Duke Compute Cluster Guide
Python / Jupyter Notebook Guide for the Duke Compute Cluster (DCC)
This guide walks you through setting up and running Python and Jupyter Notebook on the DCC, managing environments, and submitting GPU jobs using Slurm (Simple Linux Utility for Resource Management).
1 One-Time Setup Steps (First Time Only!)
1.1 Familiarize yourself with the available file systems on the DCC.
- Overview: Duke Compute Cluster
1.2 SSH into the DCC.
Log into the cluster using your NetID.
Command:
ssh {your_netID}@dcc-login.oit.duke.edu
(Example)
1.3 Create a symbolic link to the course25
directory.
The coursess25
directory has 1 Terabyte of shared storage space for the course. A symbolic link is a shortcut to another file system. When you first login, you will be in your home directory, create your shortcuts there.
Command:
ln -s /hpc/group/coursess25 ids_705_storage
(Example)
1.4 Download and Install Miniconda.
Execute the following commands in your terminal and follow the instructions.

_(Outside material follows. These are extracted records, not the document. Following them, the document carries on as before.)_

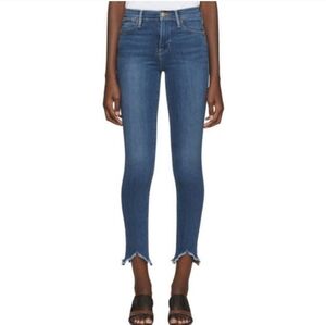 FRAME Denim Le High Skinny Jeans. In Sulham dark wash. Triangle raw hem. High waisted.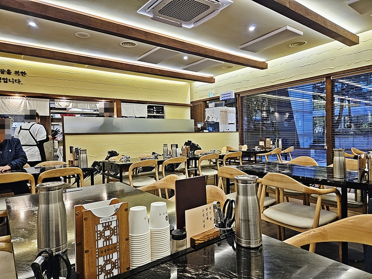 깔끔한 내부 모습. 이른 저녁 시간에 방문했기 때문에 비교적 여유롭게 식사를 할 수 있었다. 능동 미나리는 용산, 여의도 및 성수 등에 지점이 있는데, 모든 지점이 인기가 많아서 식사 시간에 맞춰 방문을 할 경우 대기를 할 수 있다. 그래서 대기 없이 식사를 즐기려면 일찍 방문을 하거나 늦게 방문을 하는 것이 좋다.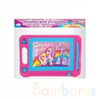 На магнитной доске с изображением волшебных единорогов рисовать ещё интереснее. Нарисованное можно без труда стереть специальным рычагом снизу - доска снова чистая и можно продолжать творить. Удобная ручка позволяет без труда переносить игрушку с места на место.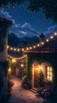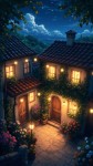 glowing lanterns, flowering plants and ivy, rustic tiled rooftops, hanging lights, peaceful ambiance, soft shadows, ghibli-inspired, warm glow, ultra detailed, cinematic composition, A cozy Mediterranean courtyard at night, centered around a small charming house with terracotta roof tiles and warm wooden door, illuminated by soft golden string lights hanging across rooftops and between houses. Potted flowering plants like bougainvillea, petunias, and geraniums line the stone-paved courtyard and windowsills. The house facade glows warmly from the interior light, casting soft shadows. The sky is a rich twilight blue with scattered glowing clouds, stars peeking through, and tree branches with lush green leaves and small fruits framing the top edges of the scene. The ambiance is peaceful, dreamy, and romantic. Detailed anime-style with soft lighting, intricate textures, and a magical, storybook atmosphere.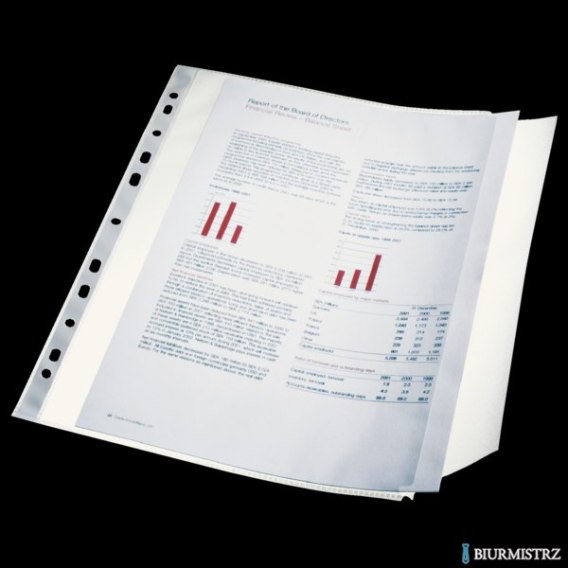 Koszulka A4 z klapką Esselte_- na dokumenty w formacie A4_- otwierana z boku, klapka zabezpiecza dokumenty przed wypadaniem_- multiperforowana - pasuje do każdego segregatora_- wykonana z folii PP o grubości 100 mic_- opakowanie: folia/10 sztuk_- jednostka sprzedaży 1 opakowanie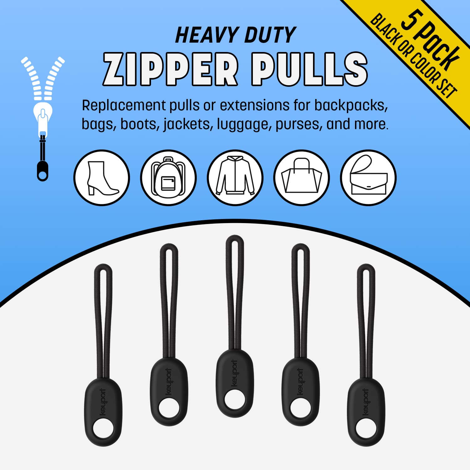 EXTEND, REPLACE, OR CONNECT - Keyport 5 zipper slider pulls make an outstanding zipper pull extender or an equally useful zipper replacement kit. They work great as a luggage zipper pull and serve double duty by connecting your bag tags. These nylon zipper pulls are a must-have in anyone's set of household tools. They also make zippers easier so that they are useful for the elderly and infirmed.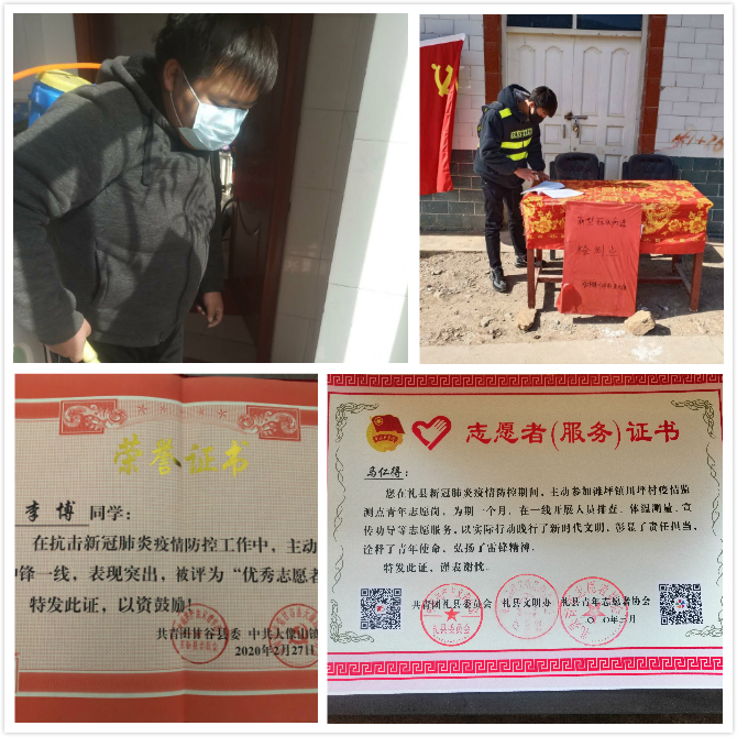 马仁得同学来自电气工程及其自动化17级1班,在疫情防控的关键时刻,加入陇南市礼县青年防疫防控支队,参与自己所在滩坪镇川坪村疫情防控监测点青年志愿者岗。作为志愿者,马仁得同学的工作主要是在劝阻点值班、对外来人员家附近以及村里主要道路进行消毒等。在值班点对外来人员以及走亲访友的群众进行劝阻。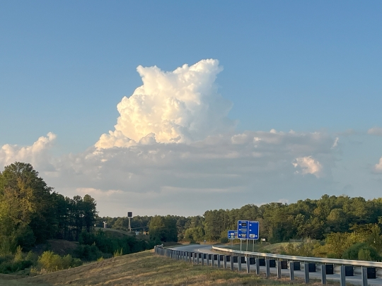 Front Royal, VA, USA - 10-26-2025 A towering cumulus cloud rises over a curving highway, its sunlit edges hinting at storm potential in the late-day sky.

Log out (close the terminal) and log back in upon successful installation, to being using Miniconda.
Commands:
wget https://repo.anaconda.com/miniconda/Miniconda3-latest-Linux-x86_64.sh
sh Miniconda3-latest-Linux-x86_64.sh
2 Managing Python Environments
2.1 Create a new environment.
Command:
conda create -n {name_of_environment} python={Python.Version}
(Example)
2.2 View available Conda environments.
Command:
conda env list
(Example)
2.3 Activate the environment.
Command:
conda activate {name_of_environment}
(Example)
2.4 Install Jupyter kernel and test installation.
Commands:
conda install ipykernel
(Example)
python -m ipykernel install --user --name test
(Example)
3 Accessing Jupyter Lab via DCC OnDemand Portal
3.1 Login at DCC OnDemand.
3.2 Click on Jupyter Lab.
3.3 Configure session resources:
Partition:
courses-gpu
(for GPU) orcourses
(no GPU).
GPUs:
1
(if needed) or0
.
CPUs: Up to
40
.
Memory: Up to
208 GB
.
Additional Slurm Parameters:
--gres=gpu:1
3.4 Launch the session and wait for the status to change to “Running”.
3.6 Start your notebook by selecting your preferred kernel.
4 GPU Demonstration on Jupyter Lab
4.1 Activate the previously created Conda environment.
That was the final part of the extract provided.